Letters – October 16, 2023


Voters should follow the Church

Virginia early voting began September 22nd.

The last issue of The Catholic Virginian had an excellent center spread to help us prepare for the upcoming elections in Virginia. Our focus as Catholics rests on the common good based on the integrity of human life from the moment of conception, keeping in mind always, “One may never do evil so that good may result from it” (CCC 1789).

We cannot support intrinsic evils (e.g., abortion, euthanasia, human cloning, and research on human embryos) or programs encouraging sinful acts (e.g., grave depravity – see CCC Article 8 “SIN,” 1846-1869, also, 1 Tim 1:9-10; 1 Cor 6:9-10).

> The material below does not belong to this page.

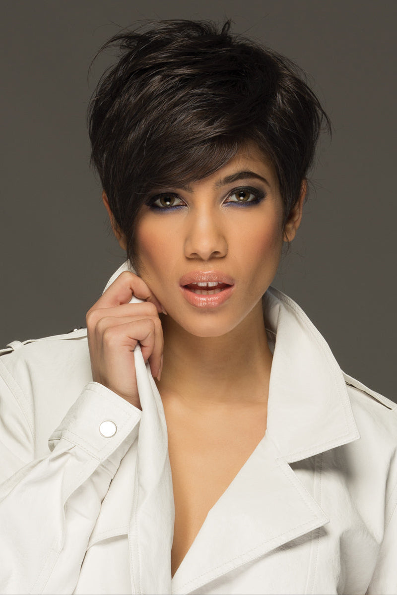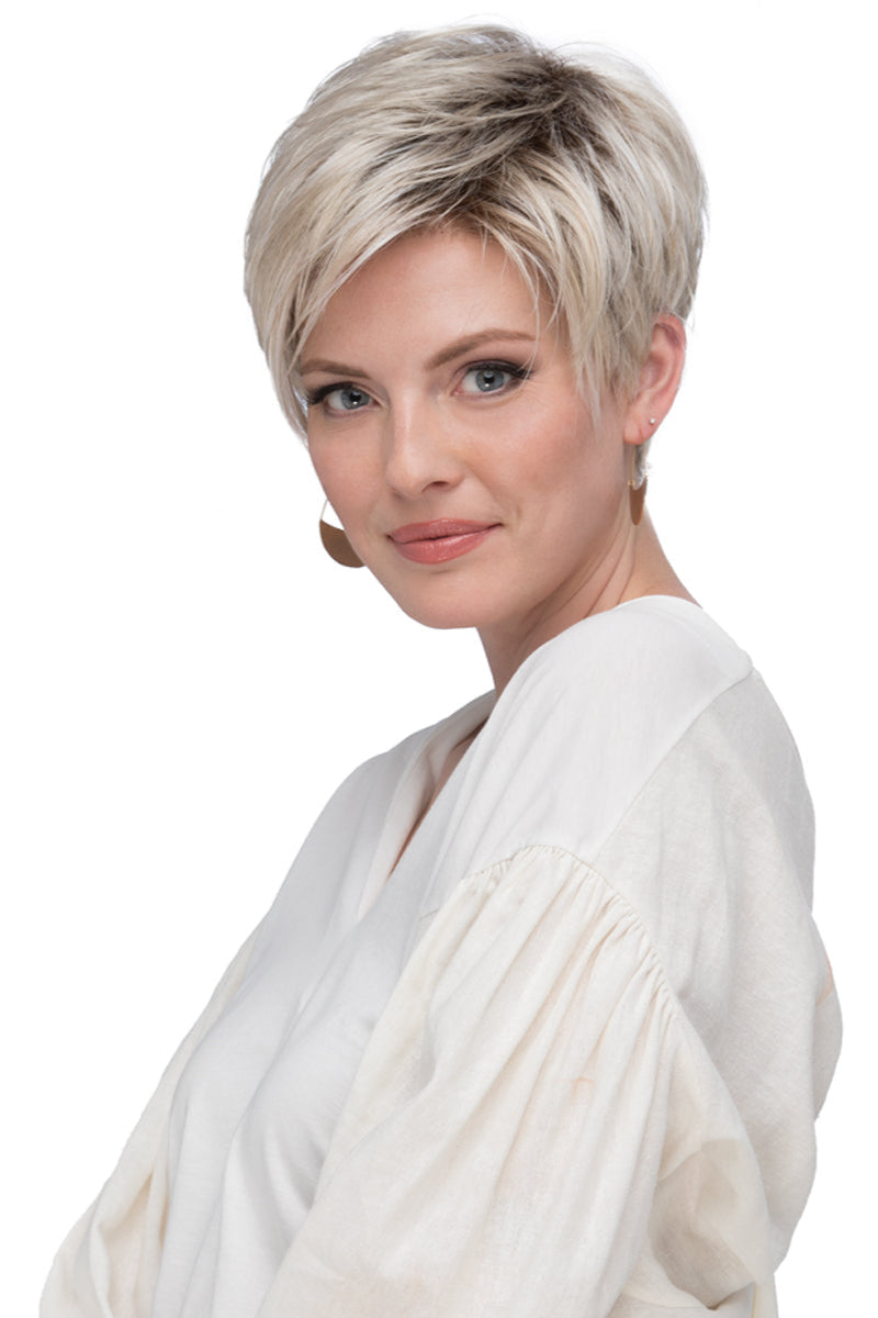 The Jett wig from Estetica is a gorgeous pixie length design with endless texture of layering and a swept over bang. Featuring a lace front design for off the face styling. The cap construction is wefted, allowing for a cool and comfortable fit. There is a soft, velvet area at the nape when the velcro tabs are attached. If you want to tighten the wig or make it looser, then simply adjust these to fit your head
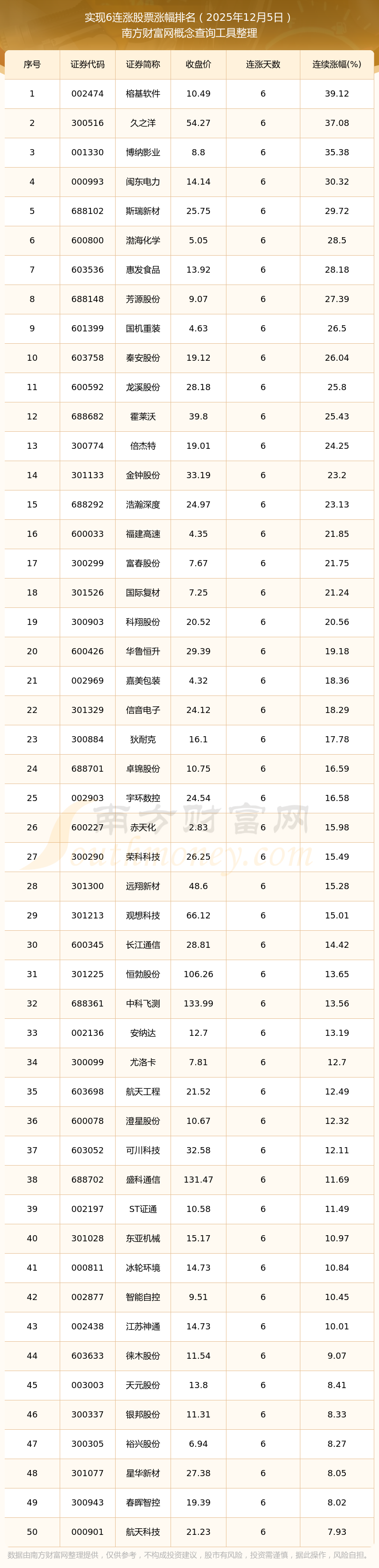 根据南方财富网概念查询工具数据统计,截止2025年12月5日收盘,共有106只个股实现6天连涨。其中连续涨幅较大的个股有榕基软件、久之洋、博纳影业等,连续涨幅分别为39.12%、37.08%、35.38%。

We cannot vote for issues that deny the family and family rights (such as parental rights relating to their children’s lives, health, and education). Racism is contrary to Catholic teaching (CCC 1935) and must be opposed (e.g., critical race theory is inherently racist). Doing so endangers our own souls and can incur responsibility for those sins (CCC 1868).

As noted, not all issues are of equal importance. Intrinsic evils are non-negotiable and must not be supported. Negotiable policies deal with how issues such as job creation, welfare policies, education (e.g., school choice), and immigration might be implemented as opposed to the issues themselves.

Abortion is significantly more important than welfare issues. Pope St. John Paul II noted, “It is impossible to further the common good without acknowledging and defending the right to life, upon which all inalienable rights are founded and from which they develop.”

Our issues are the teachings of Jesus Christ and his Church. They are neither Republican nor Democrat, right or left; they are Catholic.

Here are some things to consider about candidates and parties when voting:

  • Support for intrinsic evils?
  • Support for religious freedom, school choice, free speech?
  • Record of truth and transparency?
  • Support for the fullness of human sexuality as taught by the Church?
  • Support for the sanctity of the family, the elderly, and marriage?
  • Personal responsibility?
  • Who takes you further from God?

Consider: “The refusal to take sides on great moral issues is itself a decision. It is a silent acquiescence to evil.” – Venerable Fulton Sheen

-Tom Klocek, Chesapeake


Remember the true treasures

In the Sept. 18 edition, there appeared an article entitled “Stewards of God: sharing our time, talents, treasures.” This is a well-written article about an exciting program. I hope that the “Corresponsables de Dios” or “Stewards of God” continues to grow and have an influence in our diocese.

My reason for writing is the use of the word “treasures” when the writer means money.  While some may see this as a clever use of alliteration, I think that we as Christians are taught not to view money as a treasure.

In his dream, St. Jerome is told that he is a Ciceronian and not a Christian because he valued his ability to write in Classical Latin over writing in a form of Latin that was understandable by ordinary Christians. He was told by a voice that “where your treasure is, there will your heart be also” (Lk 12:34). Waking up in a cold sweat, Jerome changed his writing style and translated the Bible in a style that all could understand.

In an old Roman story, two women are having a conversation. One woman is showing off her jewelry and gems. Seeing that her friend was not wearing jewelry, the first woman asked, “Where are your gems?”  The second woman gathered her children around her and said, “These are my gems.”

When asked, I do not think that any Christian would say that treasure is money, yet we see the triple alliteration “time, talents, and treasures” used often in church fundraising literature. Let’s not teach that “treasure” is money when our faith teaches us to detach from possessions.

Remember, “it is easier for a camel to go through the eye of a needle than for a rich man to enter the kingdom of God” (Mt 19:23-24). When the Church wants my money they should ask for money.